**Problem to work on**
Would you return each entry exactly as written, omitting any pictures?

**Data to use**

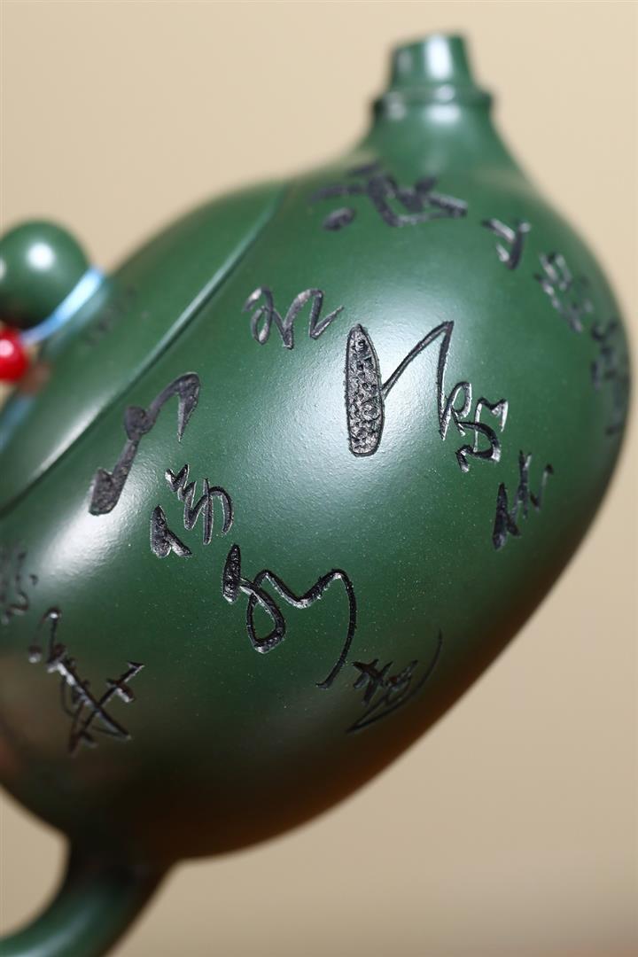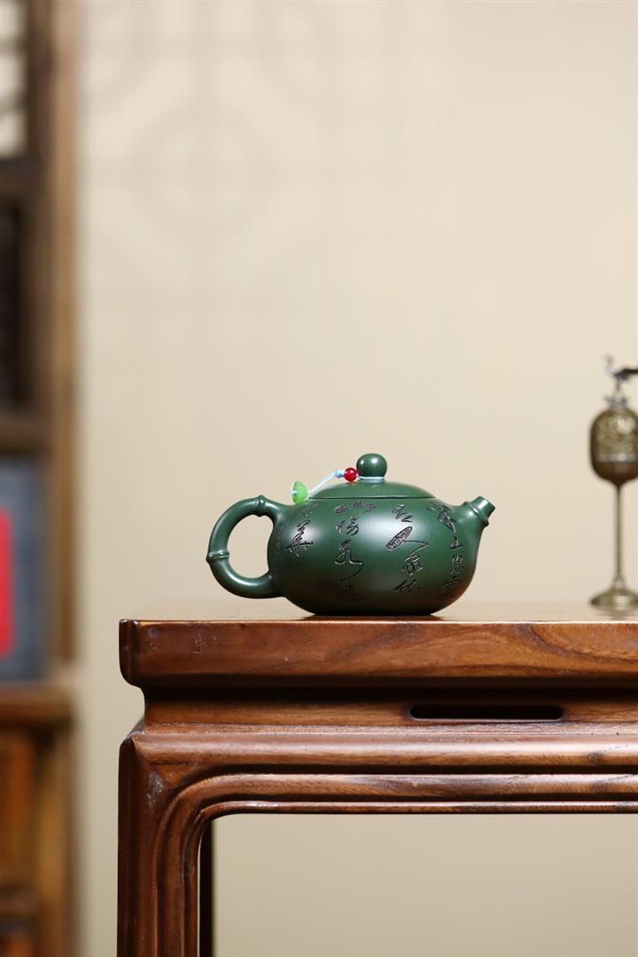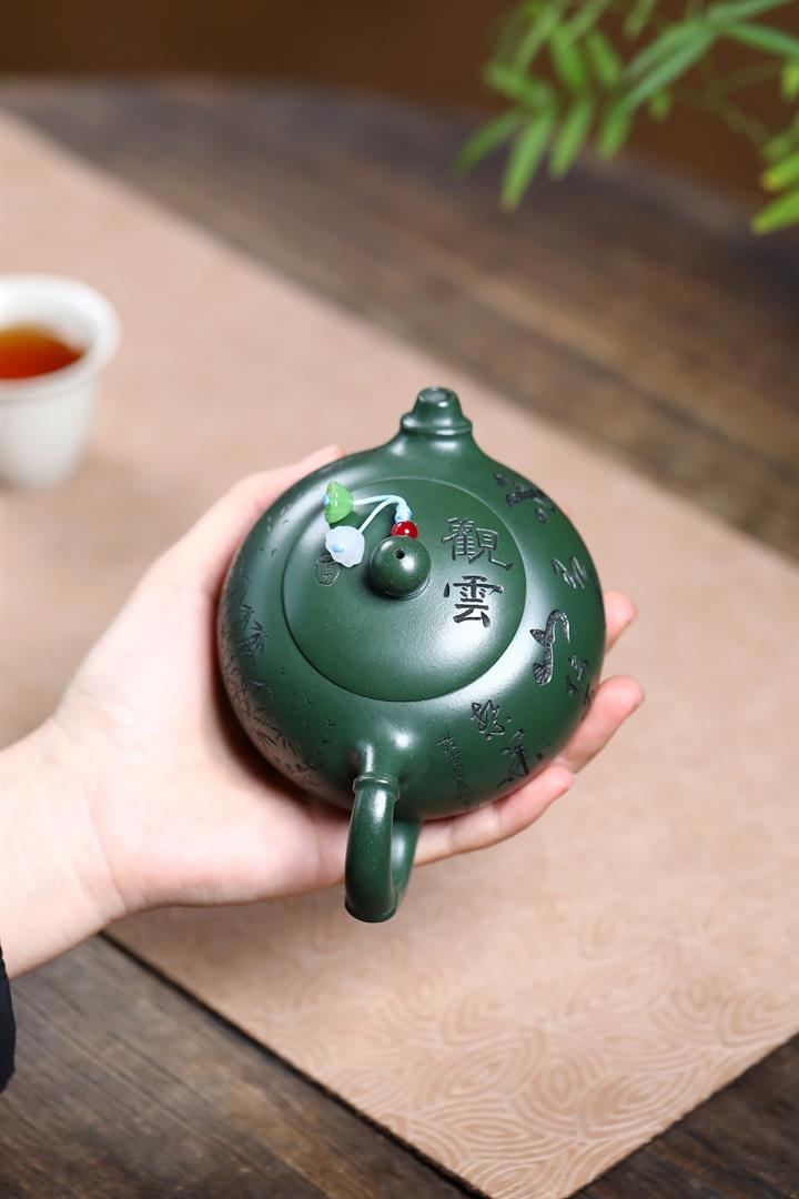 220cc原礦綠泥刻繪荷趣明爐茶壺POT8498
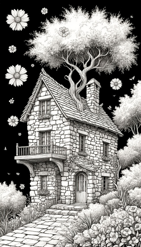 Дом лекаря выглядел необычно – он был сложен из камней, украшен резными узорами и цветами, а на крыше его росли раскидистые ивы, создавая приятную тень. Внутри было уютно и тихо: стены украшали картины из засушенных трав, а на окнах висели занавеси из сухих листьев и трав.
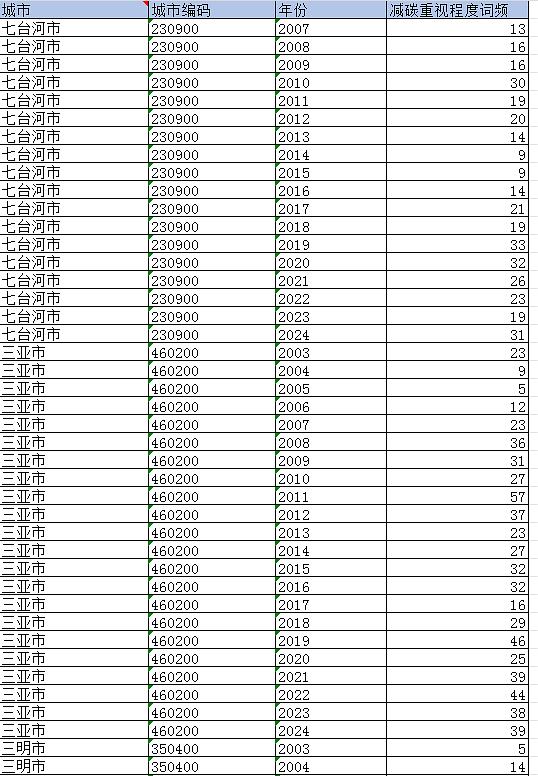 指标:城市、城市编码、年份、减碳重视程度词频。
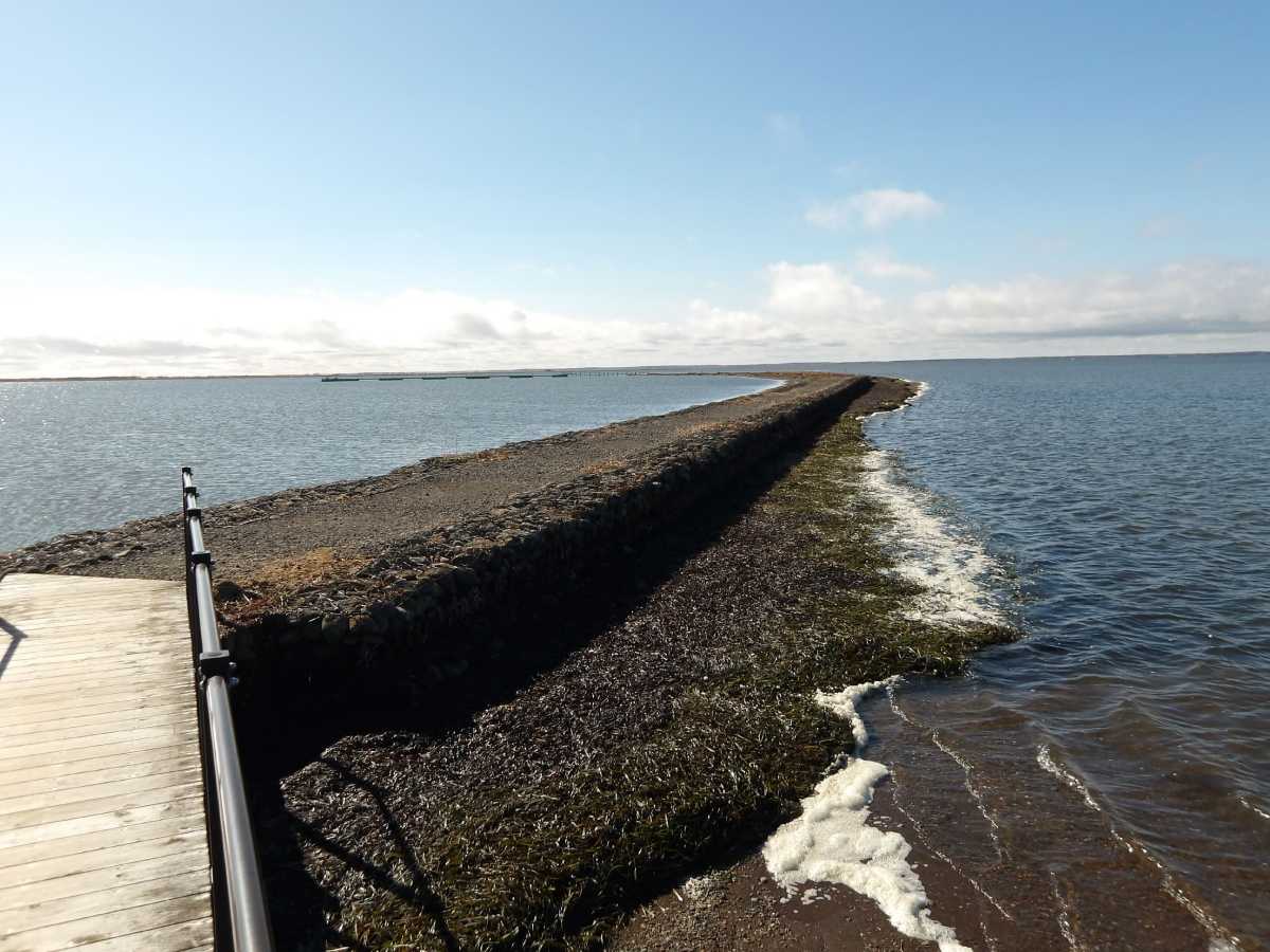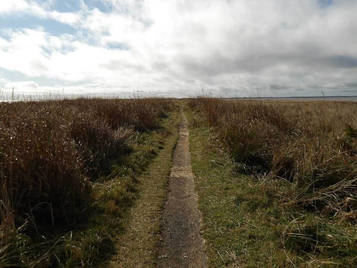前日の雨で一部ぬかるんでいましたが許容内。海の中の草原を歩いてゆくと
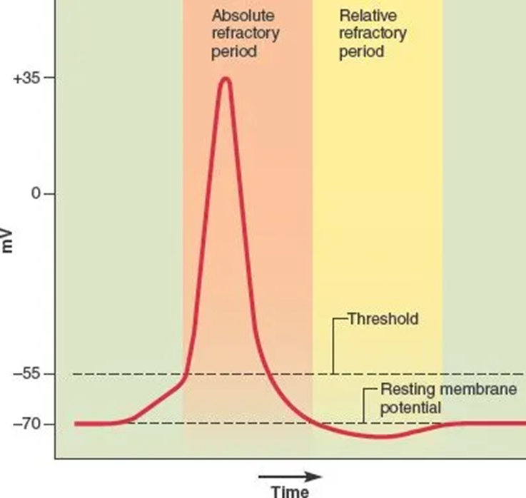 •The sodium-potassium pump will work to restore the resting membrane potential at -70mV
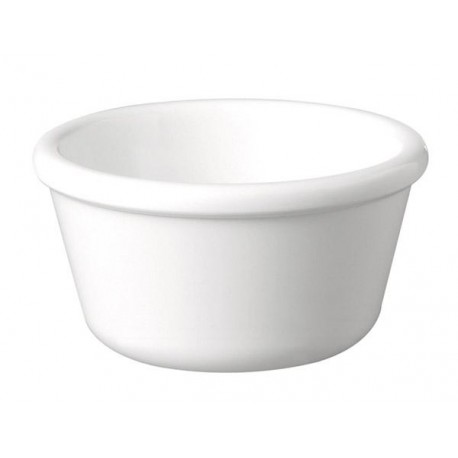 Kleine runde Schale aus weißem Melamin, das Porzellan imitiert. Besonders geeignet zum Servieren von Dips.
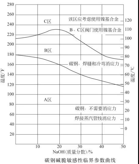 下圖為金屬堿脆敏感性臨界參數(shù)曲線,碳鋼在溫度低于 46℃ 的環(huán)境不會發(fā)生堿脆。在溫度高于 82℃ ,且 NaOH 質(zhì)量分數(shù)大于 5% 時,有很高的開裂敏感性。關于溫度的影響,需要考慮的是金屬接觸堿液的實際溫度,而不僅僅是正常的工藝溫度,有許多常溫輸送堿液管道,在安裝有蒸汽伴熱的情況下,發(fā)生過堿脆。
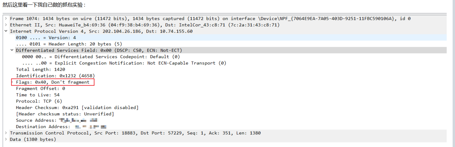 你也看到了以太网MTU一般为 1500 个字节, 也就是说超过 1500 个字节的数据就会分包发送,那么我们反推一下 ,
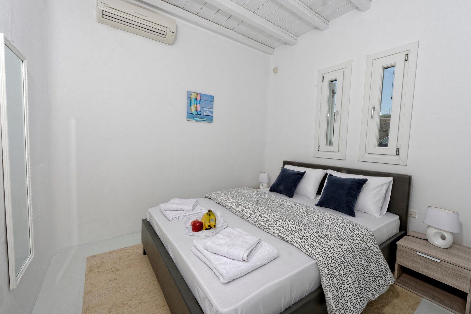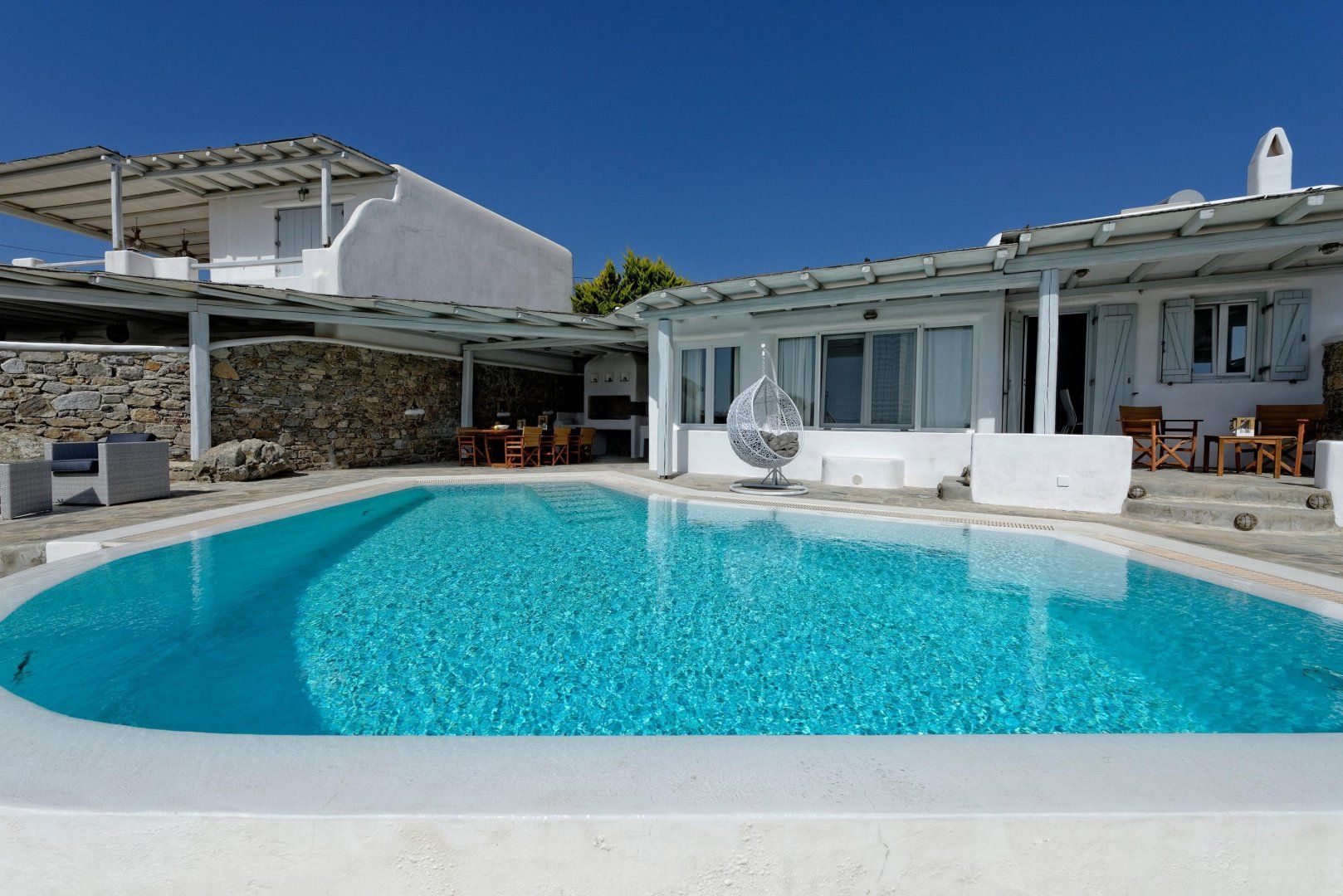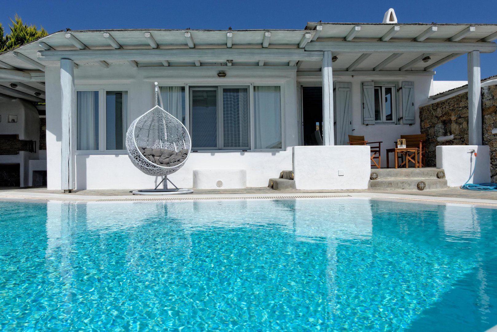 Mykonos might be famed for its nightlife, but at this charming whitewashed villa, you'll experience the island's softer side. Just two kilometres from a white-sand beach and Greece's impossibly turquoise waters, the home sits in its own peaceful plot with a private garden and swimming pool.
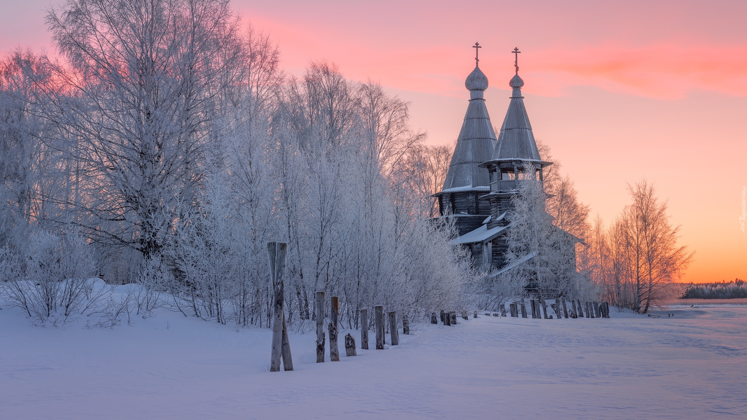 Edytor tapety: Ośnieżone drzewa i cerkiew we wsi Chelmuzhi
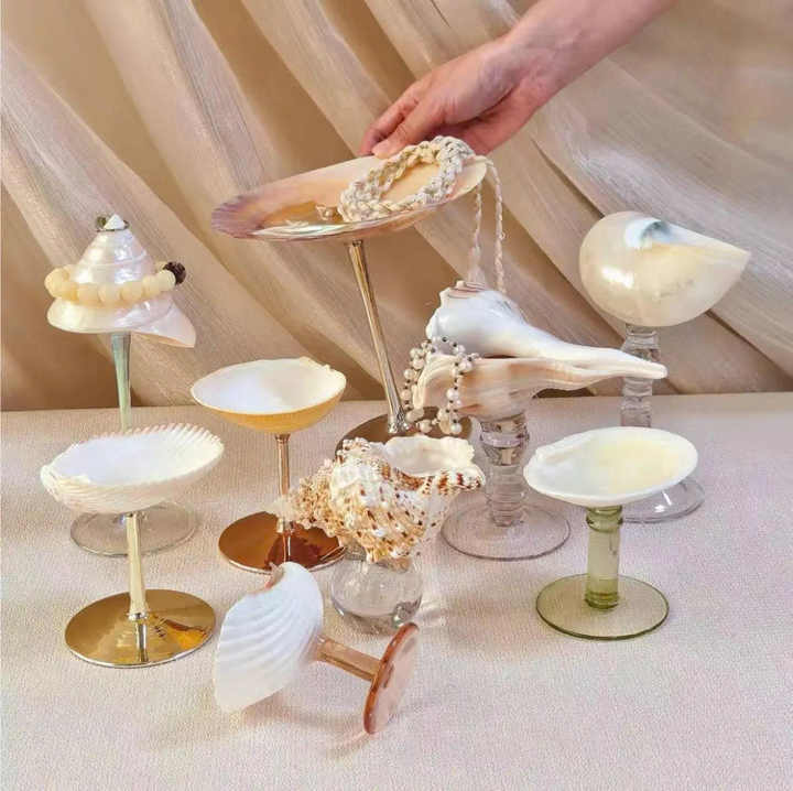 Verre à vin artisanal en coquille de conque naturelle, coupe à martini pour décoration de mariage en bord de mer, tasse unique pour cérémonie rituelle côtière
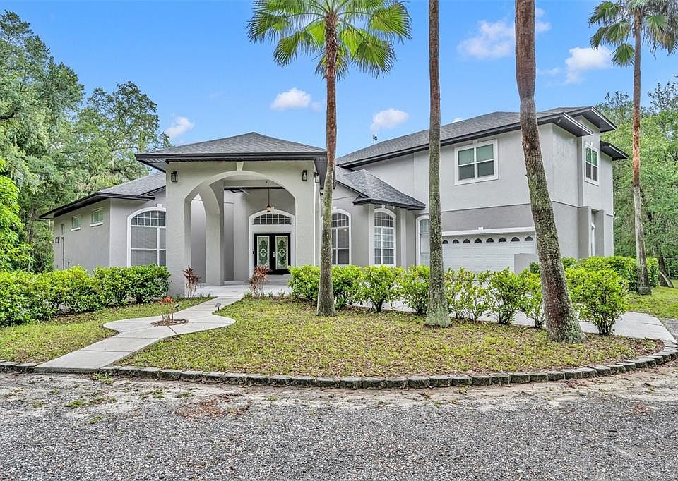 One or more photo(s) has been virtually staged. Welcome to Your Dream Estate! This exquisite custom-built home is your chance to own a piece of paradise. Nestled on 2.28 acres of majestic beauty, this property offers unparalleled privacy and tranquility, adjacent to a nursery and shielded from the bustle of city life. As you approach, the grand circular driveway, complete with dual entry/exit gates, provides a secure and impressive entrance. With parking for over 15 cars, hosting large gatherings will be a breeze. The front facade is impressive, featuring a Porte Cochére for convenient covered parking. Step through the double door entry into a grand foyer and dual formal living spaces, where nearly 16-foot ceilings and floor-to-ceiling windows bathe the rooms in natural light. In the west wing, the luxurious first floor owner's suite awaits, offering a private sitting area/office, an expansive bedroom with tray ceilings, and a spa-like bathroom with a corner jacuzzi tub overlooking the serene backyard, dual shower heads, and elegant tile work. The heart of the home, the newly remodeled gourmet kitchen, boasts under-mount lighting, timeless quartz countertops, and a full suite of stainless-steel appliances that will delight any home chef. It seamlessly flows into the breakfast nook with coffee bar and oversized family room, providing flexible space for any configuration. A conveniently located full guest bathroom with an egress door to back patio makes adding a pool an easy option. The well-appointed laundry room offers easy access to the oversized garage, which features overhead storage and tandem parking, all illuminated by ample natural light. Upstairs, two guest bedrooms share an updated Jack and Jill bathroom and private balcony access, while a massive fourth bedroom—nearly 30' x 30'—includes a walk-in closet, en-suite bathroom, and potential to serve as a multimedia room, game room, or an additional primary suite. The sellers have done extensive updates to this home including a complete remodel of the kitchen, new paint, replacing the roof and adding spray foam insulation to the enormous attic space to improve the energy efficiency. The expansive outdoor space is ideal for those with a love for adventure, and hobbies. With room for boats, ATVs, dirt bikes, and more, there's also space to add an extra garage, storage building, or workshop. This property is agricultural zoning A-2 and has no HOA. An Oversized septic tank allows opportunity for a mother-in-law suite, guest house, or second home addition. This is truly an impressive offering full of endless potential. Schedule your private showing appointment today!
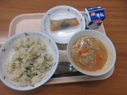 小松菜ピラフ、パリパリひじき、ミネストローネ、牛乳 完食キャンペーン3日目、今日のメインは小松菜のピラフ、刻んだ小松菜に、コーン、鶏肉、玉ねぎが入っていて、塩味がついています。とてもおいしいです。ミネステローネはトマト味、大麦、ニンジン、白いんげん豆、ズッキーニが入っていてピラフとの相性はバッチリです。食が進みます。パリパリひじきとは何かなと思ってみるとひじきの煮ものの春巻きです。外はパリパリ中はジュワ〜としていてこちらも美味しいです。これなら生徒も全部食べてしまうのではないでしょうか。3日目も完食、ごちそうさまでした。 delicious!

**Solution to the problem**
 220cc原礦綠泥刻繪荷趣明爐茶壺POT8498
 Дом лекаря выглядел необычно – он был сложен из камней, украшен резными узорами и цветами, а на крыше его росли раскидистые ивы, создавая приятную тень. Внутри было уютно и тихо: стены украшали картины из засушенных трав, а на окнах висели занавеси из сухих листьев и трав.
 指标:城市、城市编码、年份、减碳重视程度词频。
前日の雨で一部ぬかるんでいましたが許容内。海の中の草原を歩いてゆくと
 •The sodium-potassium pump will work to restore the resting membrane potential at -70mV
 Kleine runde Schale aus weißem Melamin, das Porzellan imitiert. Besonders geeignet zum Servieren von Dips.
 下圖為金屬堿脆敏感性臨界參數(shù)曲線,碳鋼在溫度低于 46℃ 的環(huán)境不會發(fā)生堿脆。在溫度高于 82℃ ,且 NaOH 質(zhì)量分數(shù)大于 5% 時,有很高的開裂敏感性。關于溫度的影響,需要考慮的是金屬接觸堿液的實際溫度,而不僅僅是正常的工藝溫度,有許多常溫輸送堿液管道,在安裝有蒸汽伴熱的情況下,發(fā)生過堿脆。
 你也看到了以太网MTU一般为 1500 个字节, 也就是说超过 1500 个字节的数据就会分包发送,那么我们反推一下 ,
 Mykonos might be famed for its nightlife, but at this charming whitewashed villa, you'll experience the island's softer side. Just two kilometres from a white-sand beach and Greece's impossibly turquoise waters, the home sits in its own peaceful plot with a private garden and swimming pool.
 Edytor tapety: Ośnieżone drzewa i cerkiew we wsi Chelmuzhi
 Verre à vin artisanal en coquille de conque naturelle, coupe à martini pour décoration de mariage en bord de mer, tasse unique pour cérémonie rituelle côtière
 One or more photo(s) has been virtually staged. Welcome to Your Dream Estate! This exquisite custom-built home is your chance to own a piece of paradise. Nestled on 2.28 acres of majestic beauty, this property offers unparalleled privacy and tranquility, adjacent to a nursery and shielded from the bustle of city life. As you approach, the grand circular driveway, complete with dual entry/exit gates, provides a secure and impressive entrance. With parking for over 15 cars, hosting large gatherings will be a breeze. The front facade is impressive, featuring a Porte Cochére for convenient covered parking. Step through the double door entry into a grand foyer and dual formal living spaces, where nearly 16-foot ceilings and floor-to-ceiling windows bathe the rooms in natural light. In the west wing, the luxurious first floor owner's suite awaits, offering a private sitting area/office, an expansive bedroom with tray ceilings, and a spa-like bathroom with a corner jacuzzi tub overlooking the serene backyard, dual shower heads, and elegant tile work. The heart of the home, the newly remodeled gourmet kitchen, boasts under-mount lighting, timeless quartz countertops, and a full suite of stainless-steel appliances that will delight any home chef. It seamlessly flows into the breakfast nook with coffee bar and oversized family room, providing flexible space for any configuration. A conveniently located full guest bathroom with an egress door to back patio makes adding a pool an easy option. The well-appointed laundry room offers easy access to the oversized garage, which features overhead storage and tandem parking, all illuminated by ample natural light. Upstairs, two guest bedrooms share an updated Jack and Jill bathroom and private balcony access, while a massive fourth bedroom—nearly 30' x 30'—includes a walk-in closet, en-suite bathroom, and potential to serve as a multimedia room, game room, or an additional primary suite. The sellers have done extensive updates to this home including a complete remodel of the kitchen, new paint, replacing the roof and adding spray foam insulation to the enormous attic space to improve the energy efficiency. The expansive outdoor space is ideal for those with a love for adventure, and hobbies. With room for boats, ATVs, dirt bikes, and more, there's also space to add an extra garage, storage building, or workshop. This property is agricultural zoning A-2 and has no HOA. An Oversized septic tank allows opportunity for a mother-in-law suite, guest house, or second home addition. This is truly an impressive offering full of endless potential. Schedule your private showing appointment today!
 小松菜ピラフ、パリパリひじき、ミネストローネ、牛乳 完食キャンペーン3日目、今日のメインは小松菜のピラフ、刻んだ小松菜に、コーン、鶏肉、玉ねぎが入っていて、塩味がついています。とてもおいしいです。ミネステローネはトマト味、大麦、ニンジン、白いんげん豆、ズッキーニが入っていてピラフとの相性はバッチリです。食が進みます。パリパリひじきとは何かなと思ってみるとひじきの煮ものの春巻きです。外はパリパリ中はジュワ〜としていてこちらも美味しいです。これなら生徒も全部食べてしまうのではないでしょうか。3日目も完食、ごちそうさまでした。 delicious!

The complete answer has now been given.